Task description » Leave the pictures out and quote every line from the start of the listing to the line with "3、相对高位成交量突然放大,主力派发的意", inclusive.

* * * * *

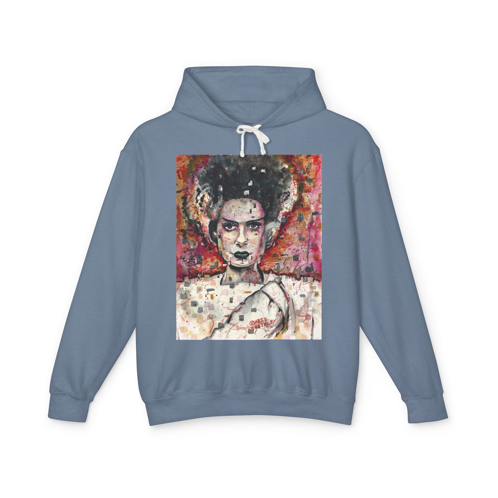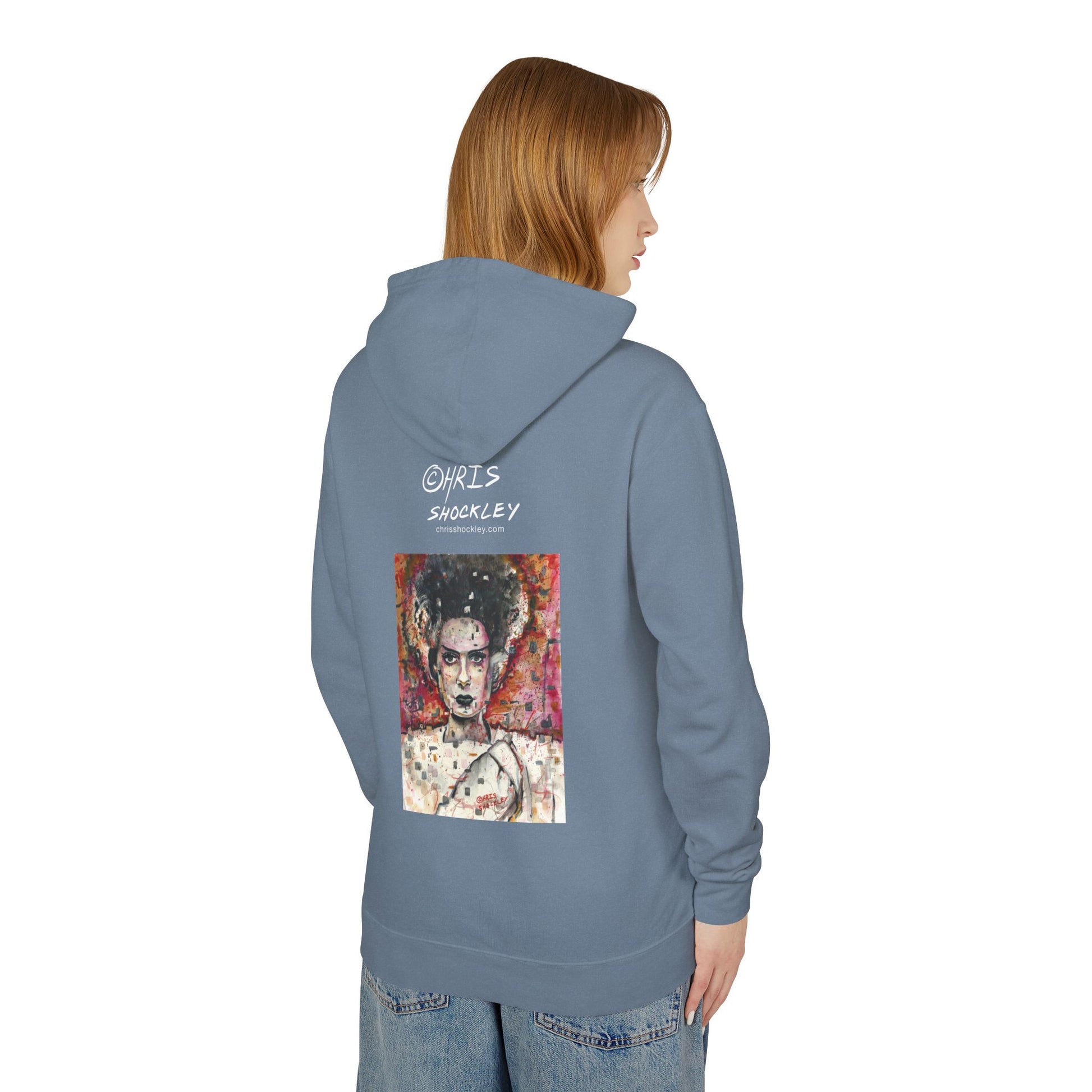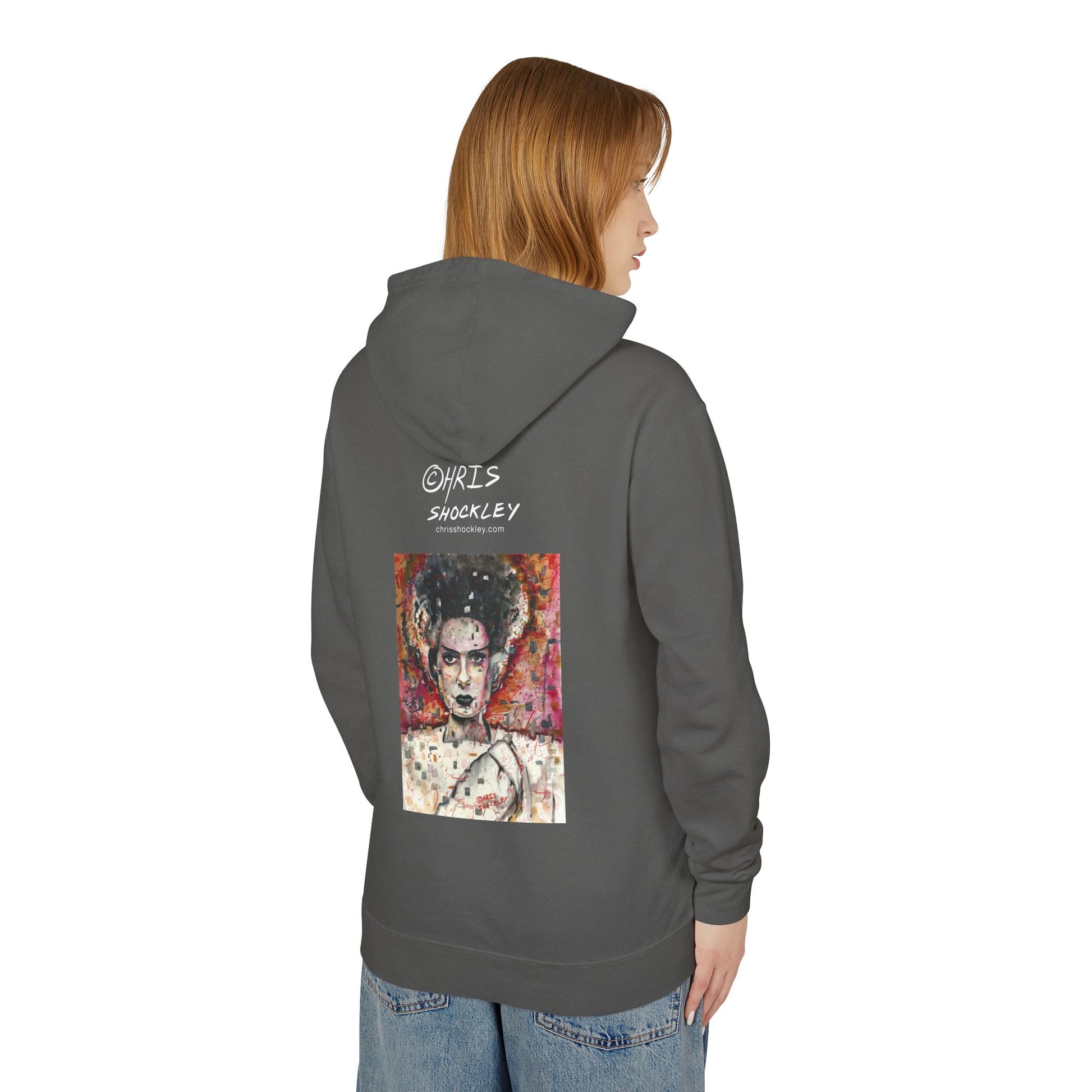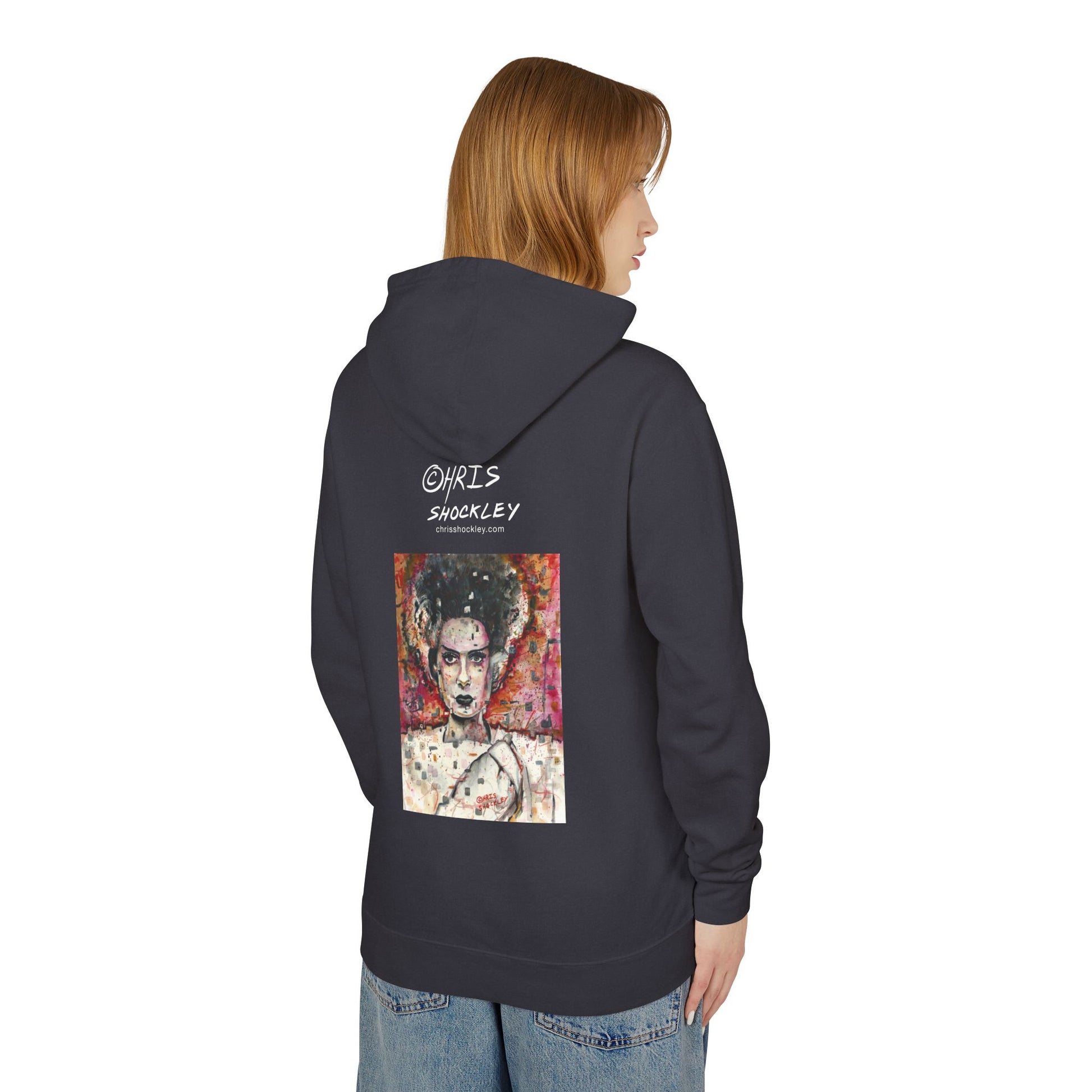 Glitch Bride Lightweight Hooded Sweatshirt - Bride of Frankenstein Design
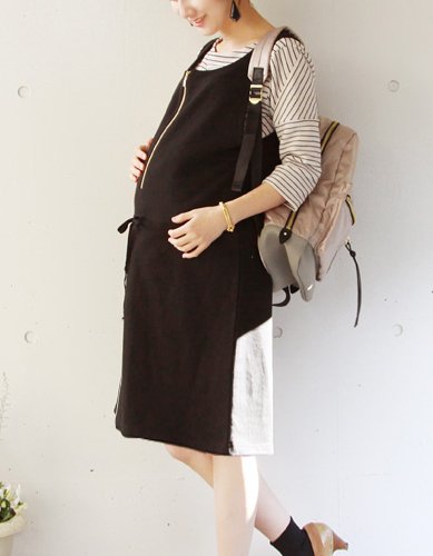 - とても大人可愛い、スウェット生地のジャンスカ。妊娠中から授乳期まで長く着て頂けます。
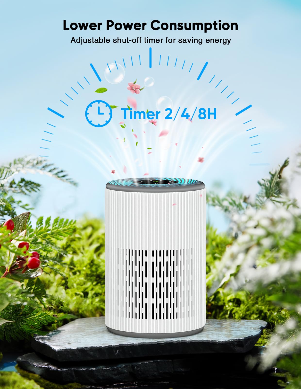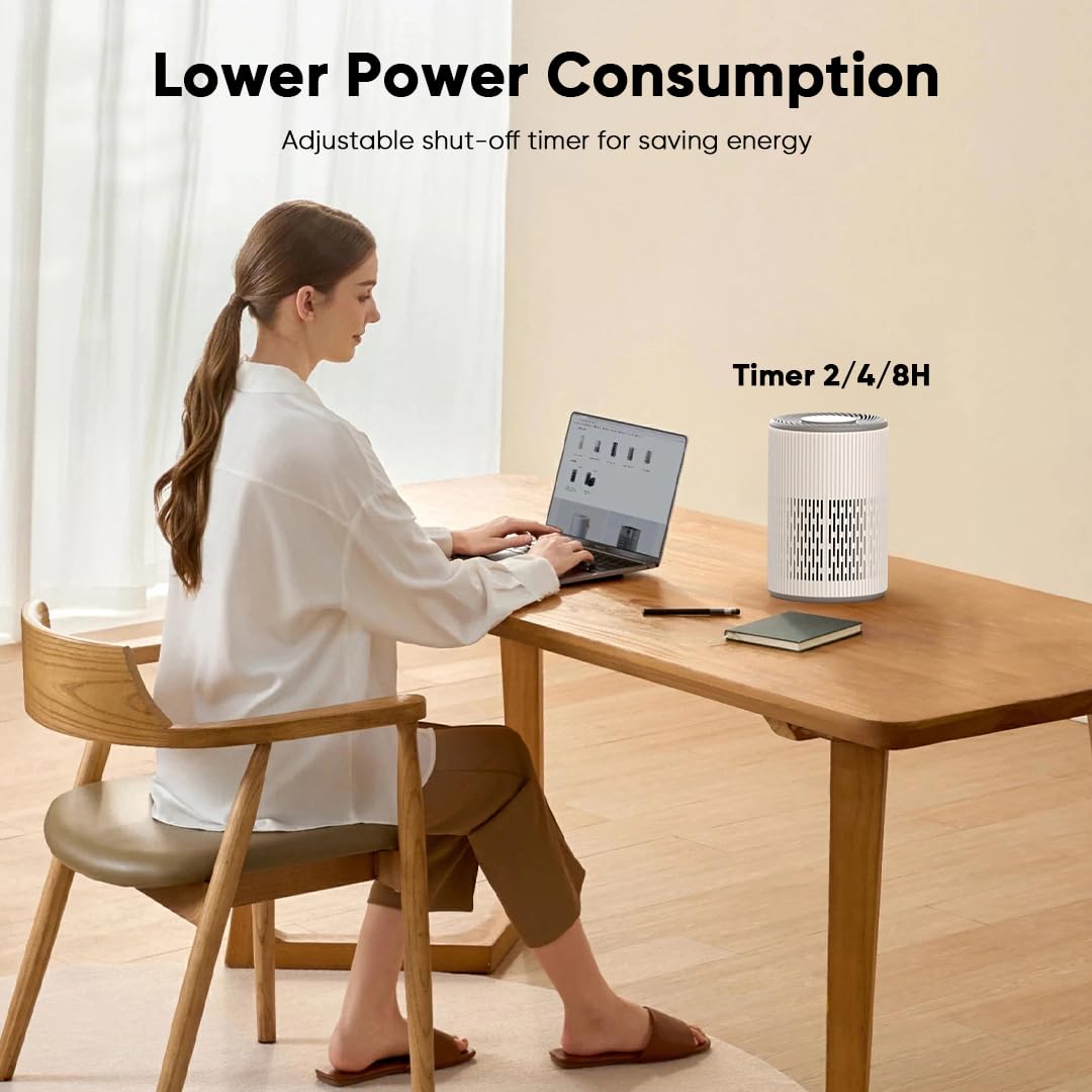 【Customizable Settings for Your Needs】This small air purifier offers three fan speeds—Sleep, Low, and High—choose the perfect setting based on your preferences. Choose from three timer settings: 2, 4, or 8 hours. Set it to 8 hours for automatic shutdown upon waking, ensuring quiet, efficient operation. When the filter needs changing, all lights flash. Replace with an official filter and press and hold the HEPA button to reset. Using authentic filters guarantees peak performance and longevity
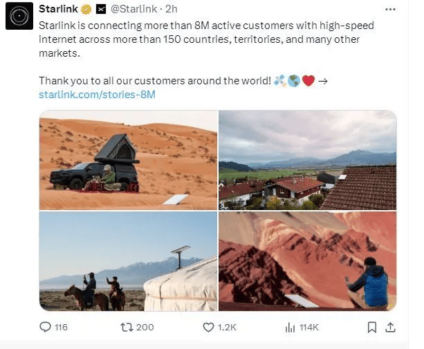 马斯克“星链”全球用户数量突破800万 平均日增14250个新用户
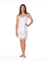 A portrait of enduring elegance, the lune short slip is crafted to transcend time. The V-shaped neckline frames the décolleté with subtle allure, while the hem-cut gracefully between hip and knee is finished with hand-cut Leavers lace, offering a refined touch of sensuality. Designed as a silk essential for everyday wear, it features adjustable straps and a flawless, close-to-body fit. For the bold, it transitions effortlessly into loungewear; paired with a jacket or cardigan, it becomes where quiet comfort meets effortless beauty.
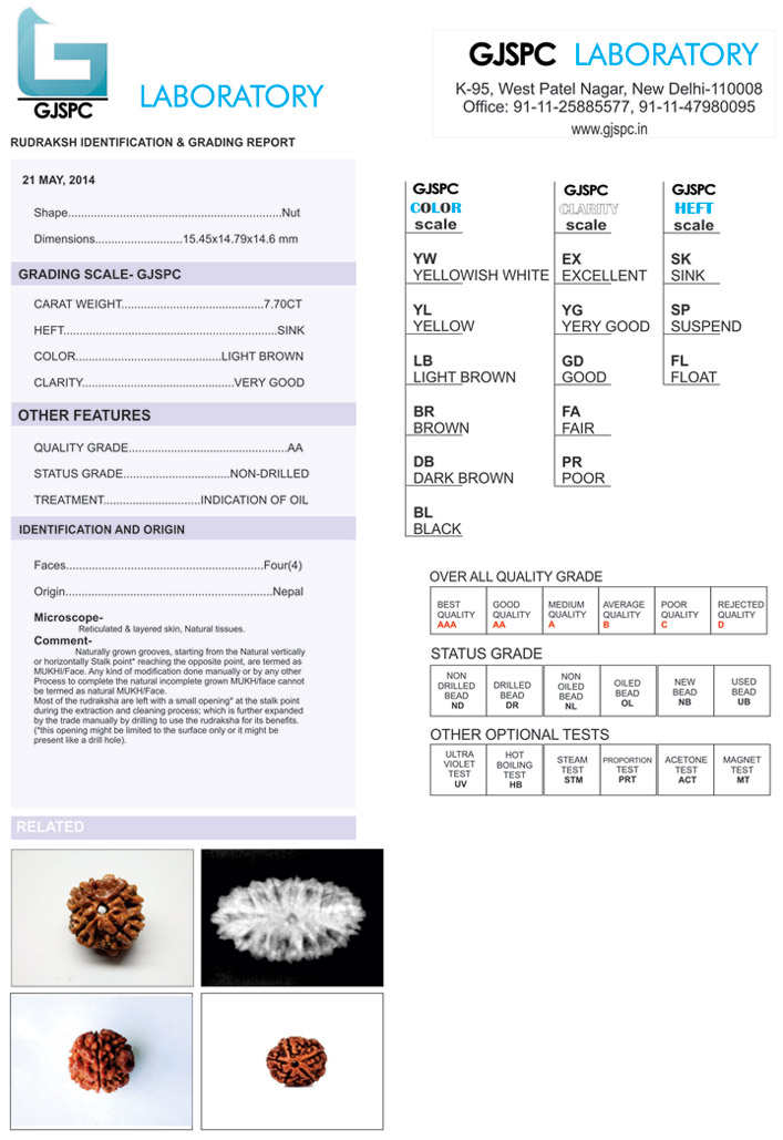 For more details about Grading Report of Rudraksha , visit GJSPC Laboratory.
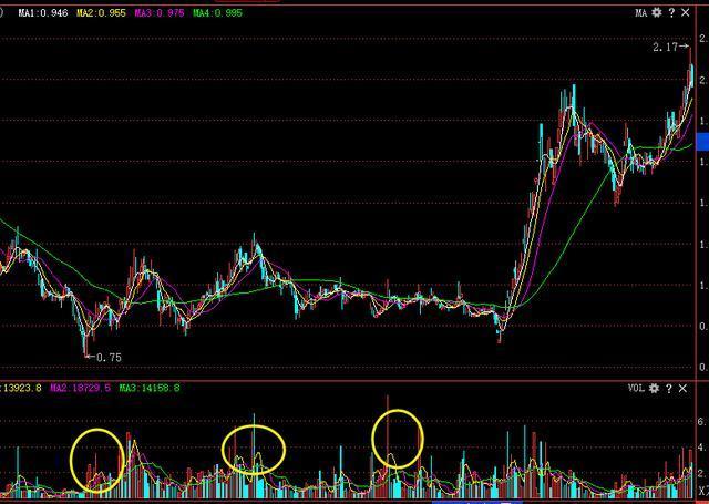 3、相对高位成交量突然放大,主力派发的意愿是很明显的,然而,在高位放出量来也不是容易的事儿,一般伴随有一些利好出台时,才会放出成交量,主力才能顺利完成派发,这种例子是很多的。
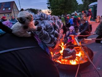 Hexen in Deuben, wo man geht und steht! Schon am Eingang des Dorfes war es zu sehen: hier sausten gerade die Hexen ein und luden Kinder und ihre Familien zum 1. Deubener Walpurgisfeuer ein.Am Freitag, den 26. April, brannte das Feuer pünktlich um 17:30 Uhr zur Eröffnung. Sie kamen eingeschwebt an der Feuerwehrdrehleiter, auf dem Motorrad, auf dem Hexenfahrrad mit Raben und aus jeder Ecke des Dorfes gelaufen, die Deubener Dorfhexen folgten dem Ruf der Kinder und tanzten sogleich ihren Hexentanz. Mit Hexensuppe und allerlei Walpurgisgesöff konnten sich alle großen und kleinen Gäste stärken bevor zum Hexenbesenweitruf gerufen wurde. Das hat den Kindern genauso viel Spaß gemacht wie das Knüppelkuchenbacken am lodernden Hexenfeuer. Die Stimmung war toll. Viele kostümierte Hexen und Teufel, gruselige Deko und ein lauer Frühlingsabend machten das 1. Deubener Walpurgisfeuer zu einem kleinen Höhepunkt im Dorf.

* * * * *

Answer to the problem »
 Glitch Bride Lightweight Hooded Sweatshirt - Bride of Frankenstein Design
 - とても大人可愛い、スウェット生地のジャンスカ。妊娠中から授乳期まで長く着て頂けます。
 【Customizable Settings for Your Needs】This small air purifier offers three fan speeds—Sleep, Low, and High—choose the perfect setting based on your preferences. Choose from three timer settings: 2, 4, or 8 hours. Set it to 8 hours for automatic shutdown upon waking, ensuring quiet, efficient operation. When the filter needs changing, all lights flash. Replace with an official filter and press and hold the HEPA button to reset. Using authentic filters guarantees peak performance and longevity
 马斯克“星链”全球用户数量突破800万 平均日增14250个新用户
 A portrait of enduring elegance, the lune short slip is crafted to transcend time. The V-shaped neckline frames the décolleté with subtle allure, while the hem-cut gracefully between hip and knee is finished with hand-cut Leavers lace, offering a refined touch of sensuality. Designed as a silk essential for everyday wear, it features adjustable straps and a flawless, close-to-body fit. For the bold, it transitions effortlessly into loungewear; paired with a jacket or cardigan, it becomes where quiet comfort meets effortless beauty.
 For more details about Grading Report of Rudraksha , visit GJSPC Laboratory.
 3、相对高位成交量突然放大,主力派发的意愿是很明显的,然而,在高位放出量来也不是容易的事儿,一般伴随有一些利好出台时,才会放出成交量,主力才能顺利完成派发,这种例子是很多的。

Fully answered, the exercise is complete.